FAQ GDELT: The Global Database of Events, Language, and Tone
- What sources does GDELT rely upon?
- Can you send me the source news articles behind your event database?
- How does GDELT compare with the US DOD ICEWS?
- How does GDELT compare with other event databases?
- I've previously used TABARI for a coding project and have an event database, how can I contribute?
- I have some ideas for additional event categories you should add.
- I'm a computer science researcher with some NLP tools that might be useful.
What sources does GDELT rely upon?
GDELT is based purely on unclassified mainstream news media reports from throughout the world.
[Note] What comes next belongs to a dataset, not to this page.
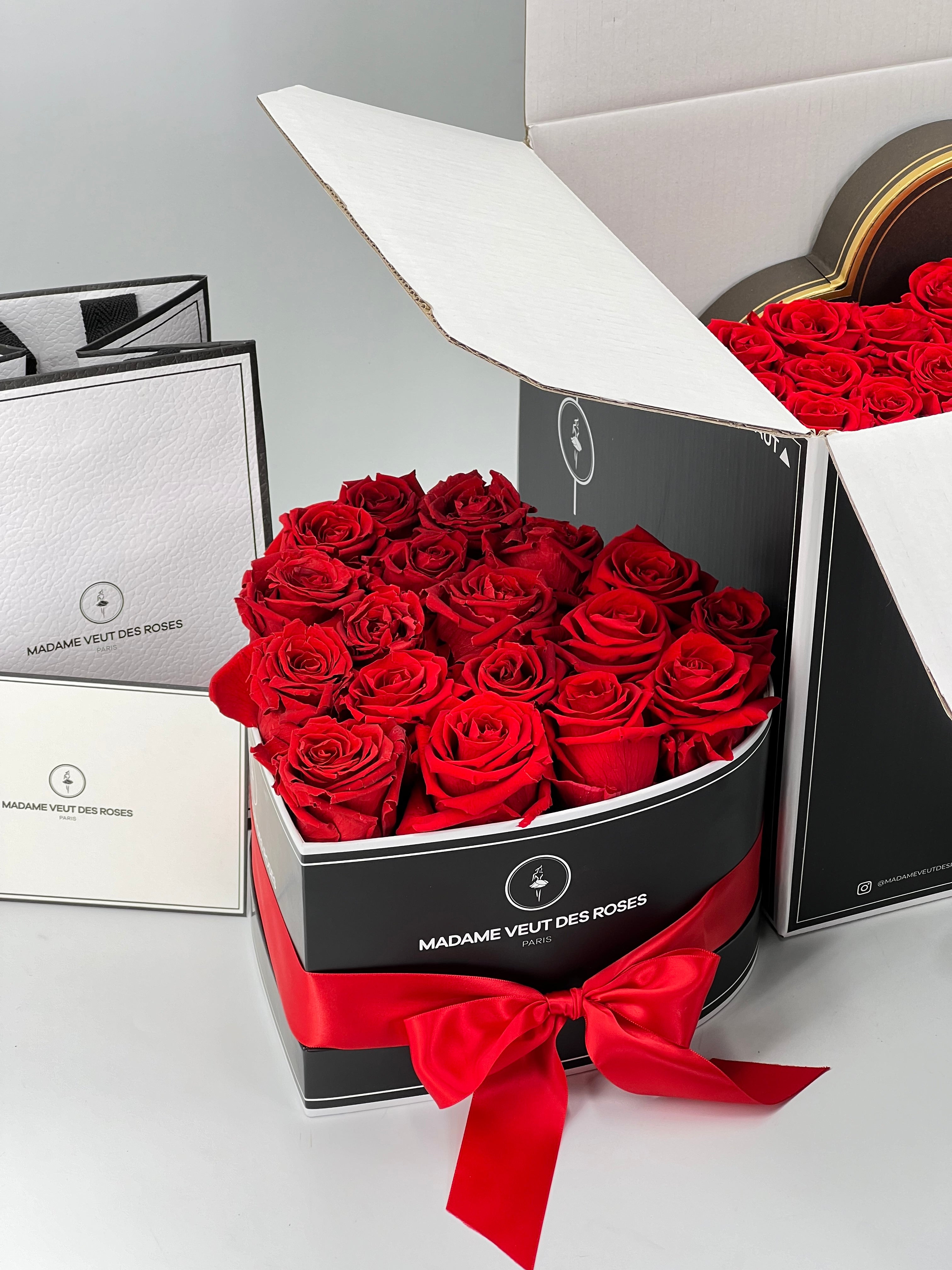 En soulevant le couvercle de l'élégante boîte à chapeau Amoroses et en découvrant les couleurs exaltantes des roses, vous vivrez des émotions inoubliables. 12 est le nombre parfait, représentant l'équilibre entre passé et futur, l'accomplissement d'un cycle complet et la force des liens durables. ROSES PRÊTES À ÊTRE EXPOSÉES Carton à chapeau Amoroses contenant 12 roses stabilisées L'Eternelle Rose | N°1 des sites de roses éternelles et flowerbox – L'Eternelle Rose - Rose éternelle et flowerbox Ces boîtes à chapeau sont un hommage au design italien, méticuleusement réalisées pour sublimer l'élégance des roses. AMOROSES PRESTIGE: L'ÉLÉGANCE À L'ÉTAT PUR DANS DES BOÎTES À CHAPEAU FAITES MAIN Boîte à roses éternelles fuchia 🖤 INODORE ET ANALLERGIQUE - Grâce aux roses Amoroses, les personnes allergiques pourront recevoir des fleurs., Produit 100% naturel. En commandant ce produit, vous recevrez : Boîte d'emballage Qu'est-ce qui distingue les produits Amoroses des autres ? Le design italien, célébré dans le monde entier, orne les musées d'objets emblématiques. Chaque composition est rigoureusement réalisée à la main, de la fabrication des supports à l'assemblage des roses stabilisées, et reflète l'art de l'artisanat italien, synonyme de tradition et d'innovation. ÉTAPE 3 À vous de choisir ! Certificat d'originalité avec spécifications et numéro de lot Les roses Amoroses sont cultivées en Équateur et bénéficient de la certification Flor Ecuador , qui certifie des pratiques de production durables et le respect des travailleurs. Livraison Bouquet de roses éternelles - Madame Veut Des Roses 🖤 PRÉCIEUX - Outre l'attention portée à l'emballage, nous avons sélectionné les plus belles roses, d'un diamètre de 5-6cm pour faire de ce produit un cadeau unique. Roses équateur Certification Flor Ecuador Livraison Boite De Roses éternelles Rouges - LUVBOX PARIS Composition Fleurs Durée Années Seules les plus belles fleurs, une fois arrivées à maturité parfaite, subissent un processus de stabilisation spécial, réalisé exclusivement avec des produits naturels, pour devenir des roses Amoroses Plus que n'importe quelles roses stabilisées !, 12 roses évoquent l'harmonie, la passion et une beauté intemporelle. En retournant le couvercle, vous pouvez l'insérer dans la base du porte-chapeaux Ce ne sont pas seulement des cadeaux, mais un geste d'amour, un message d'affection et de reconnaissance. Cette technique préserve chaque pétale dans toute sa perfection, transformant un élément naturel fugace en un symbole éternel de beauté et d'amour. ÉTAPE 1 Soulevez délicatement le couvercle et découvrez les 12 roses rouges parfaitement ordonné. Les matériaux utilisés ont été sélectionnés pour leur très haute qualité. Les roses stabilisées Amoroses sont de véritables fleurs qui durent des années, conservant leur beauté grâce à un processus spécial de préservation des fleurs. Chaque rose est soigneusement sélectionnée, chaque étape réalisée à la main. 🖤 CADEAU PARFAIT - Offrir des fleurs n’est jamais démodé. Un cadeau spécial, idéal pour le partenaire, mais aussi pour les amis, la famille et les connaissances.

See the About page for more detail.
We are actively exploring incorporating a range of social media sources, but work is ongoing there.
Can you send me the source news articles behind your event database?
Due to copyright restrictions and publisher agreements we cannot redistribute any of the news content that was used in the creation of GDELT, only the codified numeric event records extracted from that content. However, for content after April 1, 2013 we do include the URL or citation to the source article for each event so that you can locate the material on your own to read more about the event and its surrounding context. In the next release of GDELT, tentatively slated for late Fall 2013, we will be including source citations for all events back to 1979.
In addition, the Fall 2013 release of GDELT 2.0 will include a vast array of new codified emotional and thematic indicators such as "View Towards Government", "Focus on Healthcare", "Emphasis on Women's Rights", etc. Each of these will offer a numeric score codifying, by city, the attention and emotional response towards each of these dimensions by day, allowing for rich contextualization of the GDELT physical event database.
How does GDELT compare with the US DOD ICEWS?
GDELT is extremely similar to ICEWS in concept and indeed uses many of the same core underpinnings, but includes a vast array of enhancements over ICEWS and uniquely is fully unclassified and available for open academic and commercial research, updated daily.
- GDELT includes a multi-stage filtering and linguistic rewriting pipeline that significantly increases TABARI's accuracy
- GDELT uses a sophisticated full-text disambiguating geocoding system, one of just a handful of production systems available, which offers massively enhanced geographic recovery and resolution
- GDELT assigns events to the city or landmark-level, while ICEWS is limited to a maximum resolution of an administrative division (roughly equivalent to a US state) - with ICEWS this is equivalent to stating that a riot took place "somewhere in the State of California", while GDELT gives you the specific city
- GDELT also captures the city-level geographic affiliation of both of the actors involved in the event, allowing for city-level tracing of leader movements and diplomatic activity
- GDELT provides more sophisticated matching under the ambiguous reporting common to high-conflict zones such as Syria and Afghanistan
- GDELT captures both religion and ethnic group membership information where available
- GDELT covers all countries in the world over more than three decades
- GDELT covers the entire past quarter-century: 1979 to present
- GDELT is 100% open, unclassified, and available for unlimited use and redistribution
How does GDELT compare with other event databases?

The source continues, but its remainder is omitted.